Criminal charges recommended for hotel projectWednesday, June 09, 2021
BY ALPHEA SAUNDERS
The Integrity Commission has recommended that criminal charges be pursued in relation to the circumstances surrounding the granting and issuance of permits for the construction, renovation and operation of Blue Diamond Hotel Group's Royalton Negril resort.
In a special investigation report tabled in the House of Representatives yesterday, the commission said fines and imprisonment orders should be pursued in relation to breaches and non-compliance with the terms of the permits, which went against environmental and town and planning laws.
On May 9, 2016, four months after the Hanover Municipal Corporation wrote to the manager for the Royalton construction site advising that modifications being done to the building had not been approved, a section of the site collapsed, injuring five workers.
The municipal corporation issued a 30-day stop order on the project in October 2015, but was unable to confirm whether construction continued during the period, according to the commission.
On May 13, 2016, the then Office of the Contractor General (OCG) — now subsumed into the Integrity Commission — launched a probe into the circumstances in relation to the permits and licences issued for the works at the former Grand Lido property.
“Construction-related activities continued notwithstanding a cessation order which was issued by NEPA [National Environment and Planning Agency] to the developers of Royalton Negril Resort, on October 23, 2015, to cease all construction as at October 26, 2015, with the result that a site warning was issued on October 28, 2015. Notwithstanding the breaches which were identified, the DI [director of investigation] observed that the breaches were remedied, resulting in the continuation and conclusion of construction,” the report outlined.
The commission said the relevant building, planning and environmental permits required were issued by all the respective authorities — Hanover Parish Council, NEPA, and the Town and Country Planning Authority after consultation with the Negril and Green Island Area Local Planning Authority (NGIALP).
In January 2016 the then Hanover Parish Council said it had grave concerns after visiting the site, including that the approved building plans and permit had not, up to that point, been collected from the council.
The council also said the architectural designs of the buildings had not been altered, but the structural designs had been modified, and that there was no written communication to the superintendent of roads and works pertaining to the date when the developers intended to commence work.
“This is a glaring breach of the required procedures which will not be tolerated,” it warned.
The Integrity Commission said no fines or penalties were imposed for breaches of the Parish Council Building Act.

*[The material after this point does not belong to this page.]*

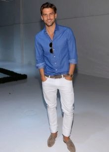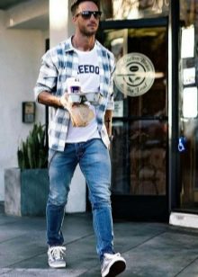 - Το πουκάμισο είναι τοποθετημένο μπροστά. Το πίσω μέρος του στρίφωμα δεν είναι καθόλου στριμωγμένο. Αυτή η μέθοδος μπορεί να φαίνεται κομψή τόσο με επίσημα παντελόνια όσο και με τζιν. Ωστόσο, είναι επίσης πολύ μακριά από το άμεσα δυνατό να το νιώσουμε. Αυτή η μέθοδος απαιτεί μια πολύ κριτική εκτίμηση πριν εμφανιστεί σε μια τέτοια εικόνα μπροστά στο κοινό, και πάλι για να μην προκαλέσει υποψία προχειρότητας. Το πουκάμισο πρέπει να είναι αυστηρά σε μέγεθος, συμπεριλαμβανομένης της περιοχής της μέσης.
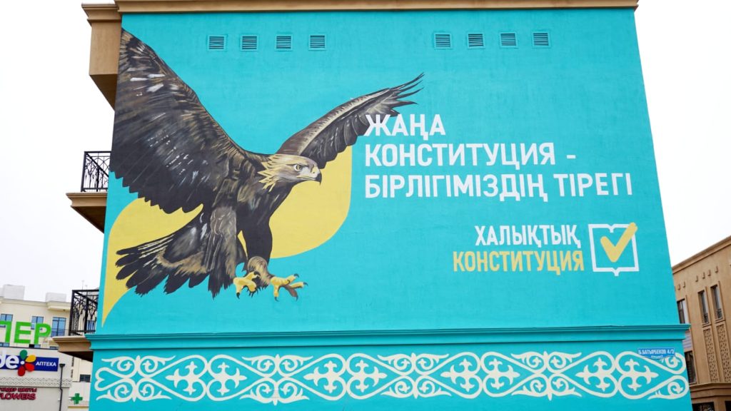 Түркістан қаласында Конституциялық реформаны қолдау мақсатында ауқымды әрі мазмұнды іс-шара өтті. Қаланың басты туристік орталықтарының бірі – Керуен сарай кешені аумағындағы тұрғын үйдің қасбетіне кәсіпкерлердің жеке қаражаты есебінен арнайы Конституциялық мурал салынды.

At the same time, NEPA granted the developers an environmental permit in May 2016, shortly after the collapse. This was despite a recommendation from the NGIALP to refuse the May 12, 2016 application by the developers for the proposed retention of a 573-bedroom hotel.
The investigation sought to determine whether there had been any irregularity in the grant and issue of permits for the construction and renovation at the Royalton Negril resort; the level of compliance with the conditions of permits issued; and the level of compliance with the provisions of the Contractor General's Act, the Town and Country Planning Act, the Town and Country Planning (Negril and Green Island Area), the Natural Resources Conservation Authority (NRCA) Act and NRCA Regulations, the Parish Council's Building Act (Hanover), and other relevant laws.